Let consider a monoidal category $\mathscr C, \otimes$ with unit $I$ and unitors $\lambda_X:I\otimes X\to X$ and $\varrho_X:X\otimes I\to X$.

Each endomorphism of the unit $a:I\to I$ induces, on each object $X$, the following endomorphisms: $$L(a,X)=\lambda_X^{-1}(a\otimes 1_X)\lambda_X:X\to X$$ $$R(a,X)=\varrho_X^{-1}(1_X\otimes a)\varrho_X:X\to X$$

Then both $L(a,X)$ and $R(a,X)$ are natural in $X$, and $L(a,I)=a=R(a,I):I\to I$. Note that such equality holds for all objects if $I$ is a generator for the category, that's $L(a,X)=R(a,X)$. Indeed for each $x:I\to X$, by naturality, we have: $L(a,X)\circ x=x\circ a=R(a,X)\circ x$.

Question: the equality $L(a,X)=R(a,X)$ holds for all objects $X$ (even without assuming $I$ to be a generator for the category)?

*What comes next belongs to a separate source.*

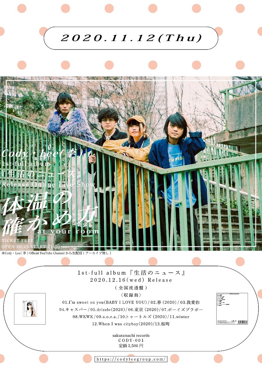また、初のアルバムリリースを記念し、無料生配信ワンマンライブ『体温の確かめ方 at your room』の開催も決定した。“あなたの部屋から好きな様に楽しんでほしい”というメンバーの想いが詰まった本公演は、11月12日(木)20:30よりCody・Lee(李)のオフィシャルYoutubeチャンネルより生配信。本編終了後にも、“何か”が用意されているとアナウンスされている。

By no means. Think of the category of bimodules over a commutative ring $k$, so $k$-vector spaces with two actions which are associative with respect to each other but which may not agree. For instance $\mathbb{R}[\epsilon]$ has a natural extra action on all its modules by quotients go down to $\mathbb{R}$ and using the vector space action. Then $L(a,X)$ corresponds to multiplying on the left, and $R(a,X)$ on the right, with an element of $k$, which in the example, acting on itself, is the difference for instance between $x+y\epsilon\mapsto 0,\mapsto x\epsilon$.